▶ What you are asked to do: Each line from the one with "Beige and Maroon Floral Printed Rectangle Rug" through the last line below must be written out exactly. Do not copy pictures.

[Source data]
»»

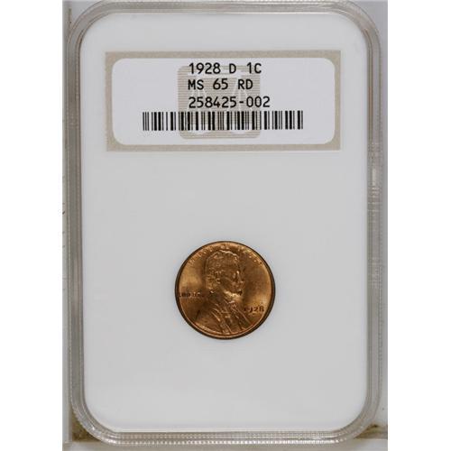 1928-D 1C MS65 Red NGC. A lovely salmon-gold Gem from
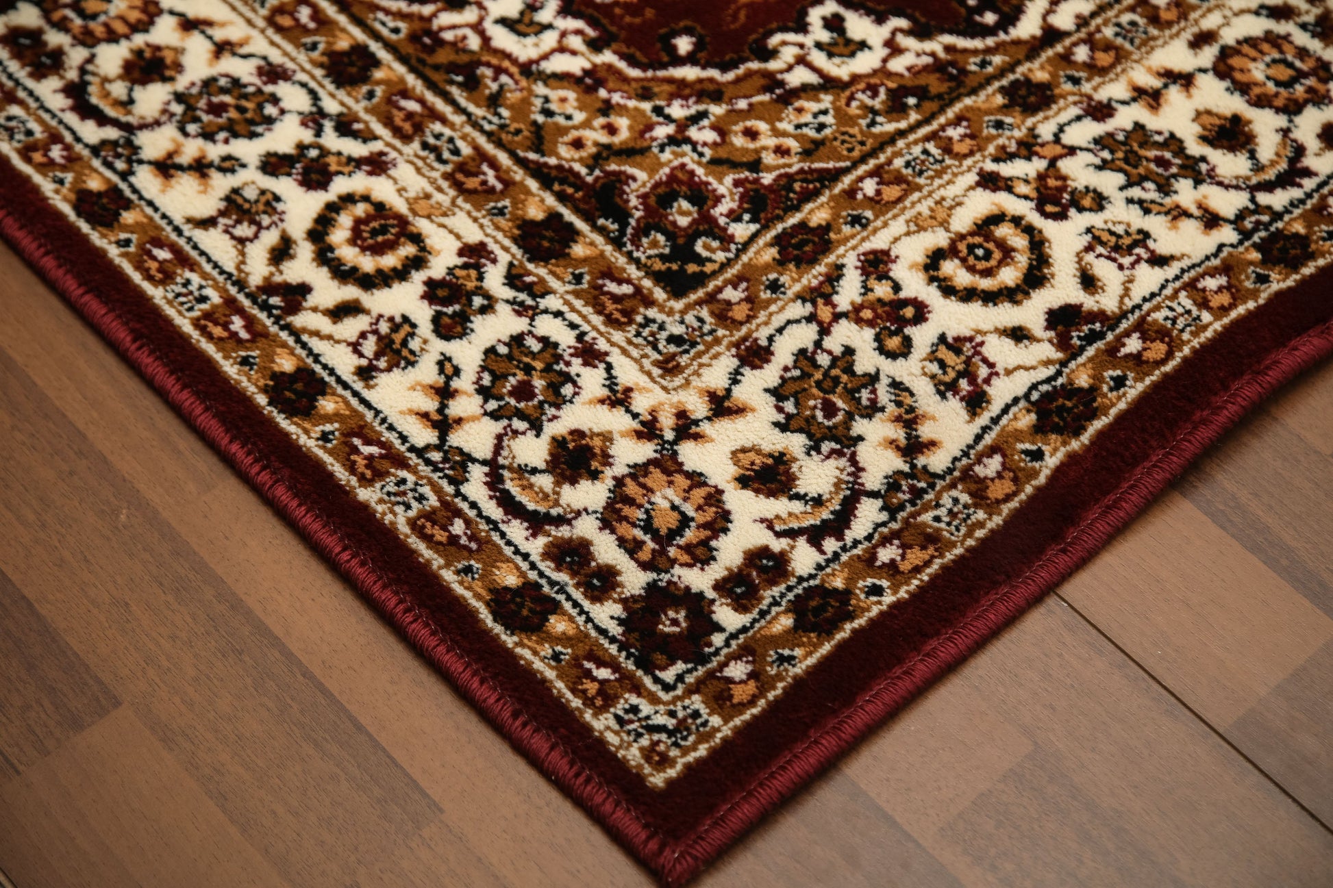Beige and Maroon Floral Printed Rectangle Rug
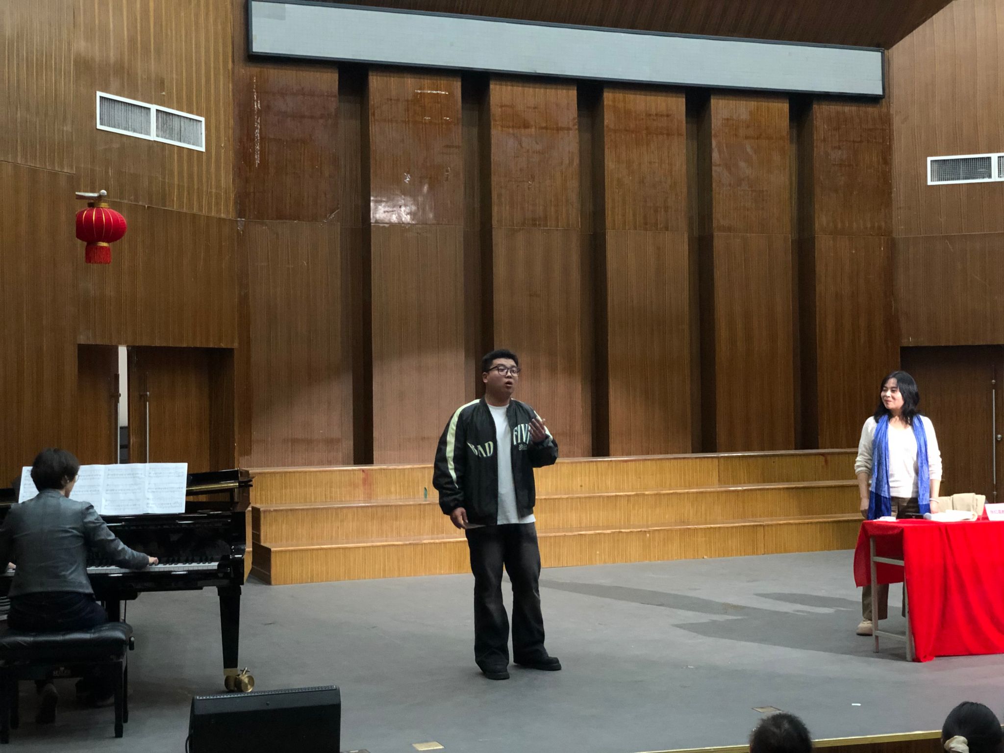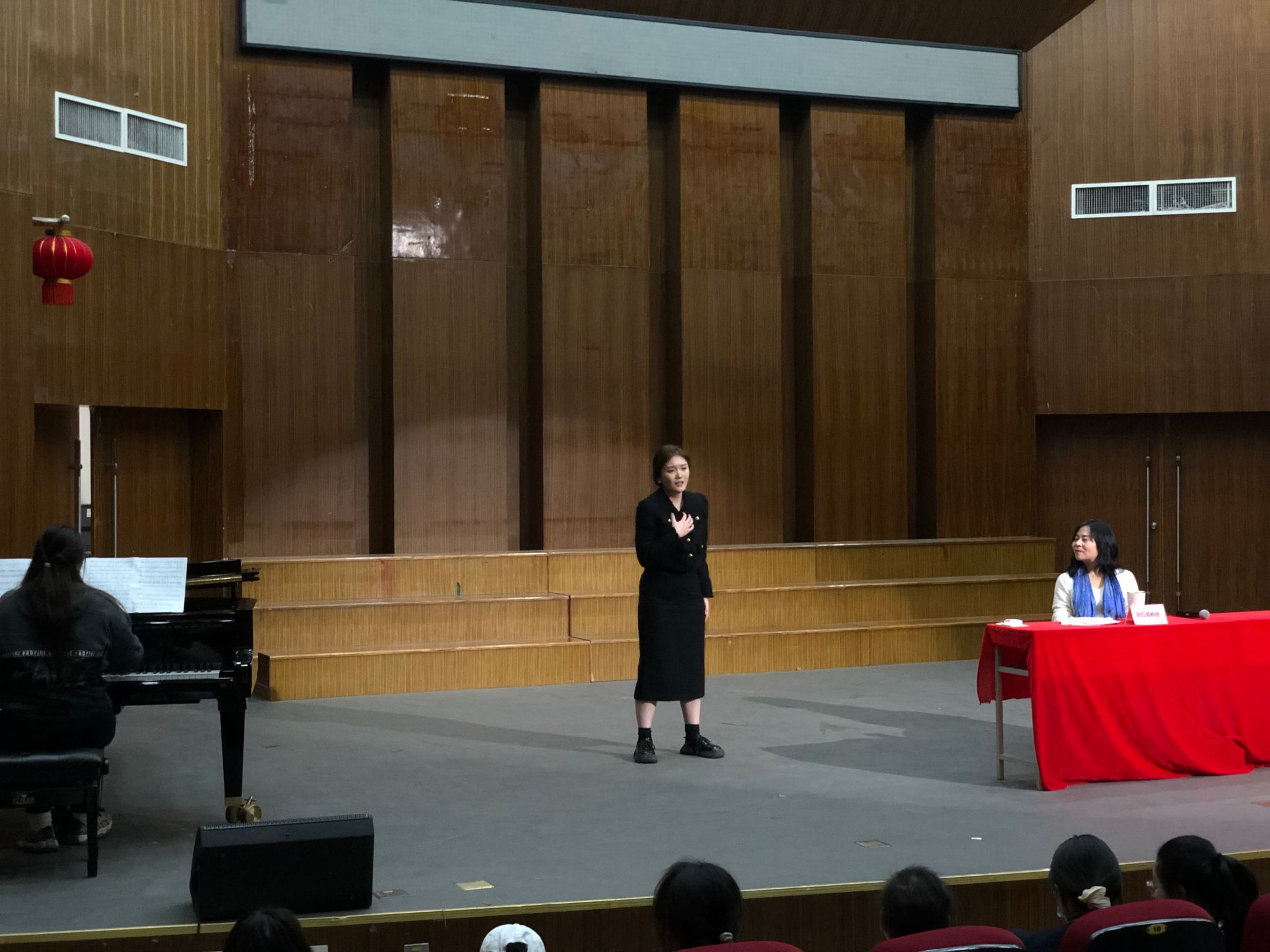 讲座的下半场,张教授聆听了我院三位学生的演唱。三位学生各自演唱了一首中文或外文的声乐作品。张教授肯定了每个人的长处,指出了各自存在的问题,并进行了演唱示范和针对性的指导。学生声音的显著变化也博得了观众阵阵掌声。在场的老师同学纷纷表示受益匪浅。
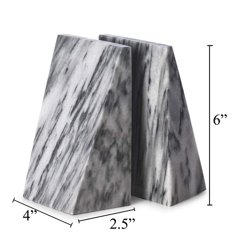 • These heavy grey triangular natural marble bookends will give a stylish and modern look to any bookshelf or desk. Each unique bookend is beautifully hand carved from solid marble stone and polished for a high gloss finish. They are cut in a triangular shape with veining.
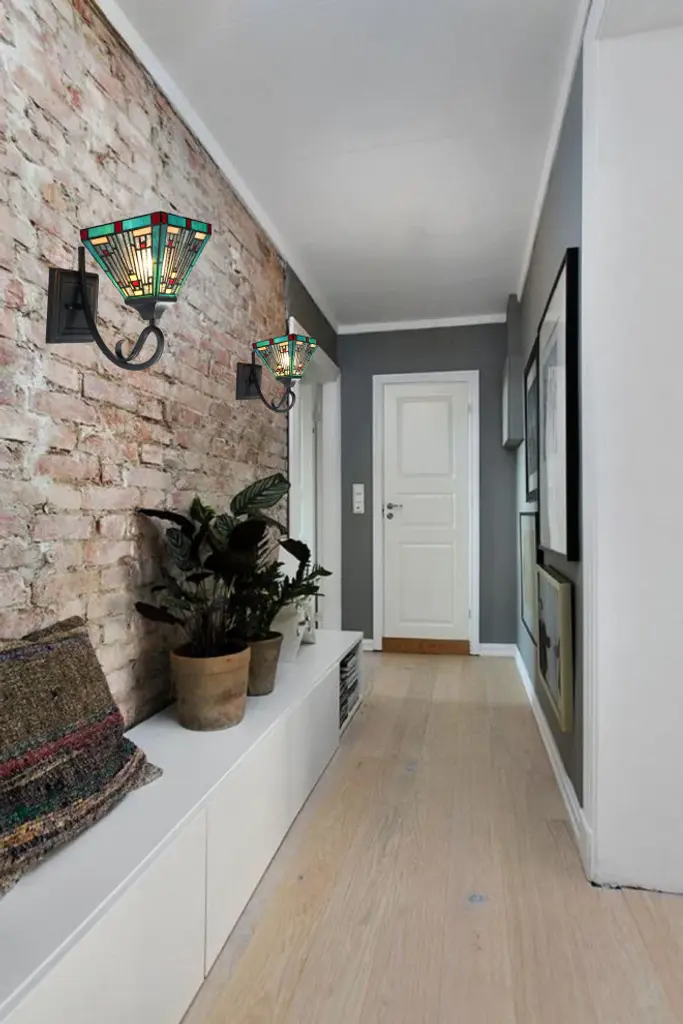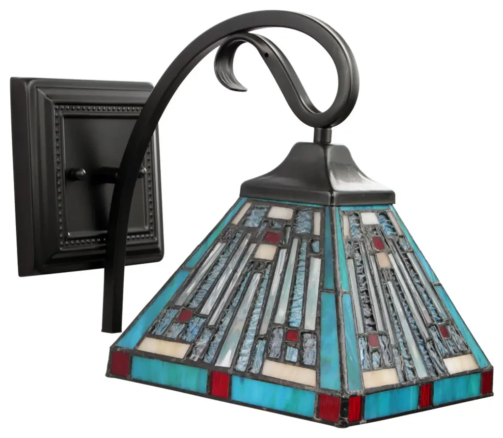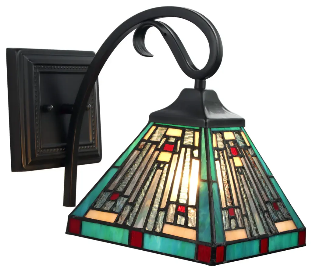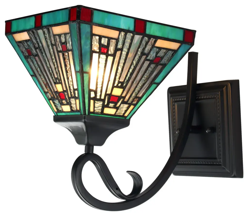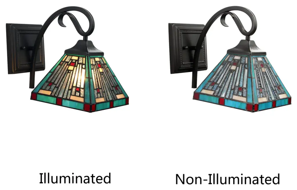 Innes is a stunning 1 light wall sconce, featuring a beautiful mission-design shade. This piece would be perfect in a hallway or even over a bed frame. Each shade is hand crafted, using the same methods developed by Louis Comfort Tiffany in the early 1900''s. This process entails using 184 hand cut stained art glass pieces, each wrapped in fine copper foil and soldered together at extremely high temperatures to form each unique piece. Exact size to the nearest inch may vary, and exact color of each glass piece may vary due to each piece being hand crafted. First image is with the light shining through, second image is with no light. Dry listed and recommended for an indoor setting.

««

▶ Output of the task:
Beige and Maroon Floral Printed Rectangle Rug
 讲座的下半场,张教授聆听了我院三位学生的演唱。三位学生各自演唱了一首中文或外文的声乐作品。张教授肯定了每个人的长处,指出了各自存在的问题,并进行了演唱示范和针对性的指导。学生声音的显著变化也博得了观众阵阵掌声。在场的老师同学纷纷表示受益匪浅。
 • These heavy grey triangular natural marble bookends will give a stylish and modern look to any bookshelf or desk. Each unique bookend is beautifully hand carved from solid marble stone and polished for a high gloss finish. They are cut in a triangular shape with veining.
 Innes is a stunning 1 light wall sconce, featuring a beautiful mission-design shade. This piece would be perfect in a hallway or even over a bed frame. Each shade is hand crafted, using the same methods developed by Louis Comfort Tiffany in the early 1900''s. This process entails using 184 hand cut stained art glass pieces, each wrapped in fine copper foil and soldered together at extremely high temperatures to form each unique piece. Exact size to the nearest inch may vary, and exact color of each glass piece may vary due to each piece being hand crafted. First image is with the light shining through, second image is with no light. Dry listed and recommended for an indoor setting.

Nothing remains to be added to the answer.